Work instructions: Reproduce the lines below exactly. Skip images.

Input data:
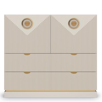 Конструкция комода включает два широких ящика, а также два закрытых отделения с дверками. Украсить интерьер можно разместив на столешнице комода декоративные предметы, вазы или любимые фотографии.
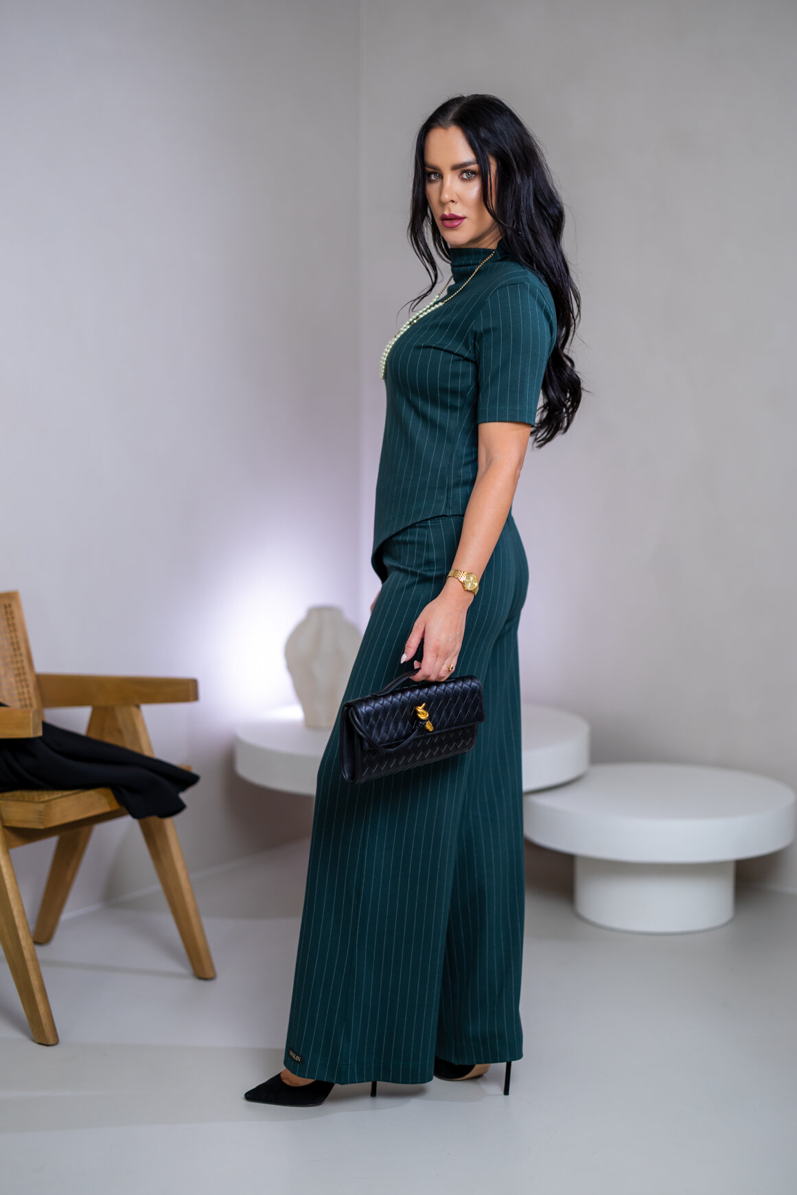 Model má oblečenú veľkosť: M - 170. Miery modelky : 91-76-99, výška postavy 174 cm.
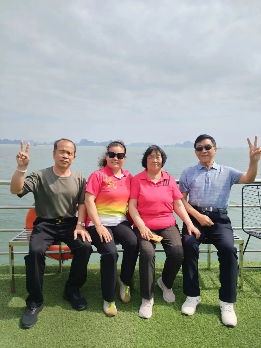 上午11点,我们通过中国边防检查站礼貌且严肃的检查后,于中午在广西防城港东兴口岸顺利出关。在跨过北仑河桥中央中越分界线时,一脚踏两国,打卡留念。过桥几十米就是越南芒街海关。虽说是集体落地签,但也要耐心等上两个多小时。导游强调过关注意事项后,就自由活动了,有的拍照,有的在逛免税店。令人吃惊和热议的是,堂堂的国门,上卫生间竟收费七千越南盾(约合人民币2元)。下午3点,持已签护照过关时,同行一游客因安检查出背包内有水果而被拒。他果断地分给大家,匆匆消灭完才允许过关。出关后,由一位带绿帽子越南男士(男子带绿帽是致敬英雄、可靠、实用)在指挥分流出关人群。换乘越南中巴,又配上一位会说中文的越南导游,向广宁省下龙湾进发。中途服务区小憩,简陋的卫生间,半截墙只能挡住人的腰部以下。当我们持杯寻找热水时,服务区小卖部一男子招手示意有热水,我们几个兴冲冲跑到那里,他伸出食指比划着用不流利的中文说,一杯热水一万(合人民币3元),我们瞠目结舌,唏嘘不已!

Your solution:
 Конструкция комода включает два широких ящика, а также два закрытых отделения с дверками. Украсить интерьер можно разместив на столешнице комода декоративные предметы, вазы или любимые фотографии.
 Model má oblečenú veľkosť: M - 170. Miery modelky : 91-76-99, výška postavy 174 cm.
 上午11点,我们通过中国边防检查站礼貌且严肃的检查后,于中午在广西防城港东兴口岸顺利出关。在跨过北仑河桥中央中越分界线时,一脚踏两国,打卡留念。过桥几十米就是越南芒街海关。虽说是集体落地签,但也要耐心等上两个多小时。导游强调过关注意事项后,就自由活动了,有的拍照,有的在逛免税店。令人吃惊和热议的是,堂堂的国门,上卫生间竟收费七千越南盾(约合人民币2元)。下午3点,持已签护照过关时,同行一游客因安检查出背包内有水果而被拒。他果断地分给大家,匆匆消灭完才允许过关。出关后,由一位带绿帽子越南男士(男子带绿帽是致敬英雄、可靠、实用)在指挥分流出关人群。换乘越南中巴,又配上一位会说中文的越南导游,向广宁省下龙湾进发。中途服务区小憩,简陋的卫生间,半截墙只能挡住人的腰部以下。当我们持杯寻找热水时,服务区小卖部一男子招手示意有热水,我们几个兴冲冲跑到那里,他伸出食指比划着用不流利的中文说,一杯热水一万(合人民币3元),我们瞠目结舌,唏嘘不已!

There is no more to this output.